_WORK ORDER_
Every record below is to be repeated exactly, with the pictures left out.
---- RECORD EXTRACTS
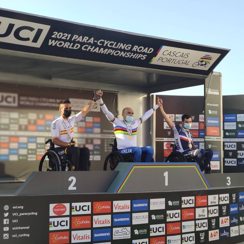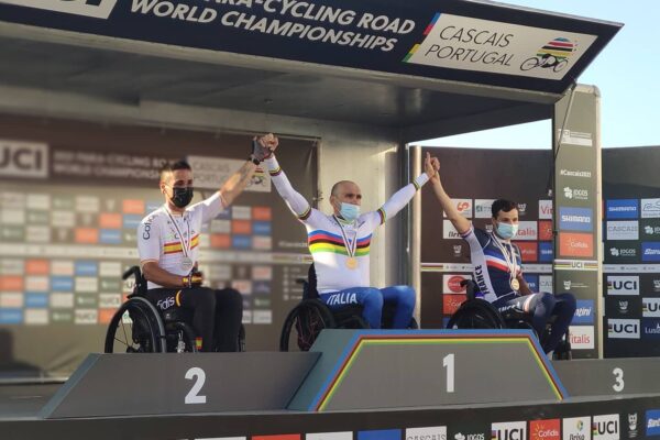 Luca Mazzone (H2) fa tripletta con la vittoria nella prova in linea, dopo quelle nella cronometro e nel Team Relay, mentre Fabrizio Cornegliani mette al collo la sua seconda medaglia a Cascais, stavolta d’argento (H1). Quinto posto per Paolo Cecchetto nella categoria H3, così come Diego Colombari nell’H5. Nono e decimo posto per Federico Mestroni e Martino Pini (H5).
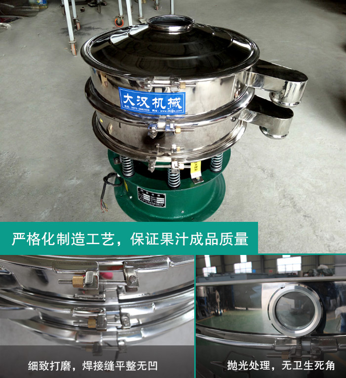 整機精選304不銹鋼材質(zhì),篩機全部進行拋光處理,無衛(wèi)生死角,篩框的焊接處要求進行打磨,焊接縫平整無凹點,完全符合果汁行業(yè)對于衛(wèi)生的要求及標(biāo)準(zhǔn)。
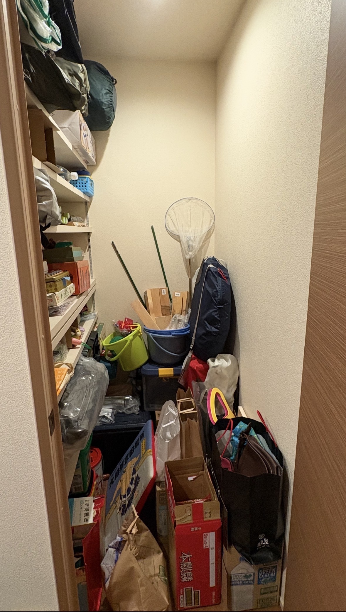 よく使う物は手前に、使用頻度の低い物は奥へ配置することで、何がどこにあるか分かりやすく、取り出しやすい納戸に整いました。
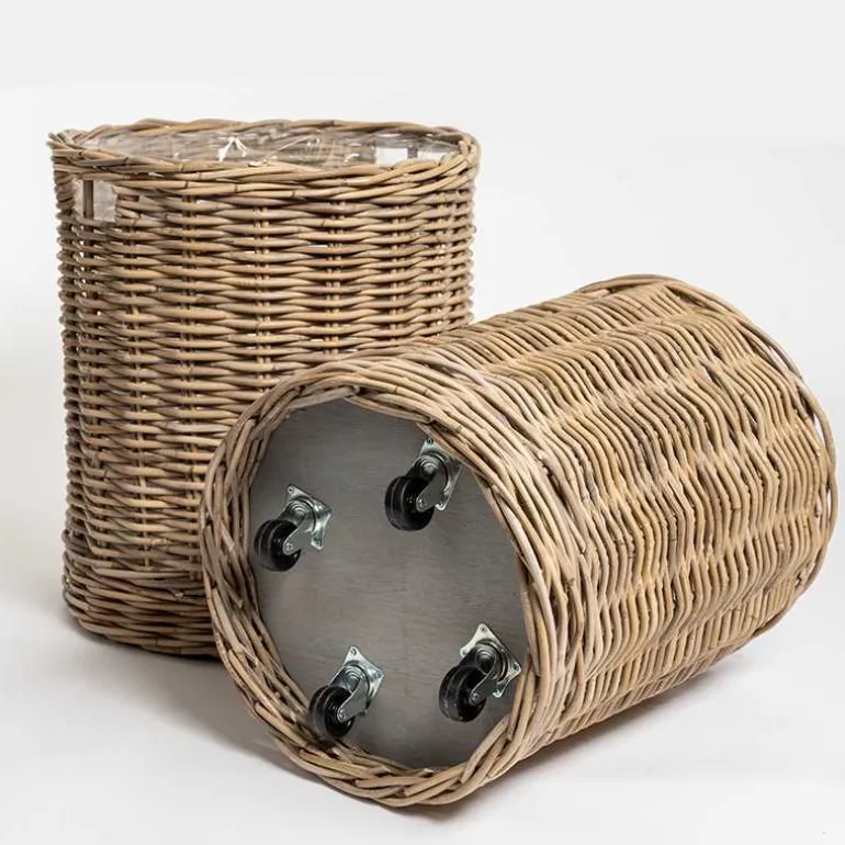Runde rattan krukker med håndtag og hjul – indendørs og udendørs flettede pilekrukker H.54xØ.43 + H.56xØ.50
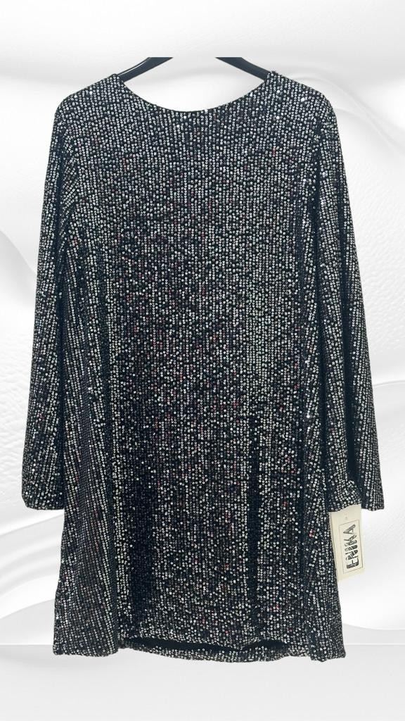 Rochia tunică cu paiete argintii are o croială modernă in A, mâneci clopot È™i o fundiță atrăgătoare în spate din material simplu negru . Cu o talie unică, potrivită pentru mărimile 34 până la 44, oferă confort datorită căptuÈ™elii delicate, fără a irita pielea. Este o alegere uÈ™oară È™i rafinată pentru evenimente speciale.
--------
_WRITTEN SOLUTION_
 Luca Mazzone (H2) fa tripletta con la vittoria nella prova in linea, dopo quelle nella cronometro e nel Team Relay, mentre Fabrizio Cornegliani mette al collo la sua seconda medaglia a Cascais, stavolta d’argento (H1). Quinto posto per Paolo Cecchetto nella categoria H3, così come Diego Colombari nell’H5. Nono e decimo posto per Federico Mestroni e Martino Pini (H5).
 整機精選304不銹鋼材質(zhì),篩機全部進行拋光處理,無衛(wèi)生死角,篩框的焊接處要求進行打磨,焊接縫平整無凹點,完全符合果汁行業(yè)對于衛(wèi)生的要求及標(biāo)準(zhǔn)。
 よく使う物は手前に、使用頻度の低い物は奥へ配置することで、何がどこにあるか分かりやすく、取り出しやすい納戸に整いました。
Runde rattan krukker med håndtag og hjul – indendørs og udendørs flettede pilekrukker H.54xØ.43 + H.56xØ.50
 Rochia tunică cu paiete argintii are o croială modernă in A, mâneci clopot È™i o fundiță atrăgătoare în spate din material simplu negru . Cu o talie unică, potrivită pentru mărimile 34 până la 44, oferă confort datorită căptuÈ™elii delicate, fără a irita pielea. Este o alegere uÈ™oară È™i rafinată pentru evenimente speciale.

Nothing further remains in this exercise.